→ **Work task**
The whole listing is to be restated word for word with no images.

→ **Source data**
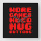 MORE GAMES NEED HUG BUTTONS SQUARE WALL CLOCK
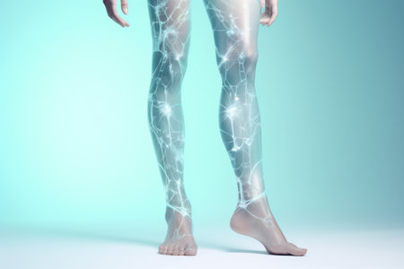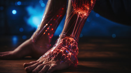 This futuristic digital illustration showcases detailed foot anatomy with neon lines and nodes, symbolizing biological connectivity and innovation in health technology.
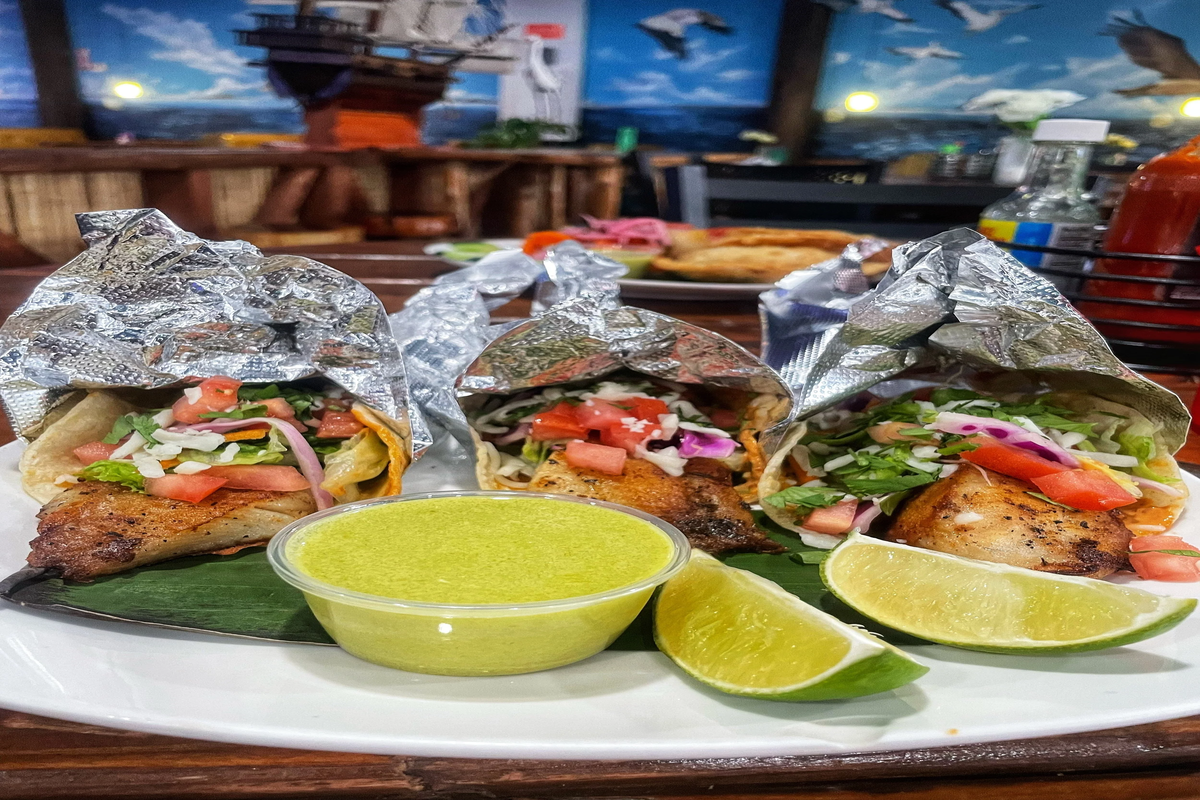 Tres deliciosos tacos de pescado o de Camaron en tortilla de maíz con lechuga, tomate y repollo, aderezados ligeramente con salsa chipotle.
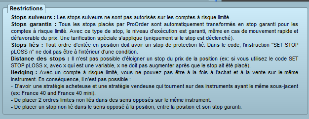 Indeed thank you, i only added this instruction SET STOP PLOSS 100 at the end and my code is online. But a warning (cf. attached snapshot) tells me trailing stop are not allowed with risk limited contracts. Impossible to simulate with the proback test which gives me the same result with and without the final instruction SET STOP PLOSS 100. Only live could give me the answer… I push it live.

→ **Solution to this exercise**
 MORE GAMES NEED HUG BUTTONS SQUARE WALL CLOCK
 This futuristic digital illustration showcases detailed foot anatomy with neon lines and nodes, symbolizing biological connectivity and innovation in health technology.
 Tres deliciosos tacos de pescado o de Camaron en tortilla de maíz con lechuga, tomate y repollo, aderezados ligeramente con salsa chipotle.
 Indeed thank you, i only added this instruction SET STOP PLOSS 100 at the end and my code is online. But a warning (cf. attached snapshot) tells me trailing stop are not allowed with risk limited contracts. Impossible to simulate with the proback test which gives me the same result with and without the final instruction SET STOP PLOSS 100. Only live could give me the answer… I push it live.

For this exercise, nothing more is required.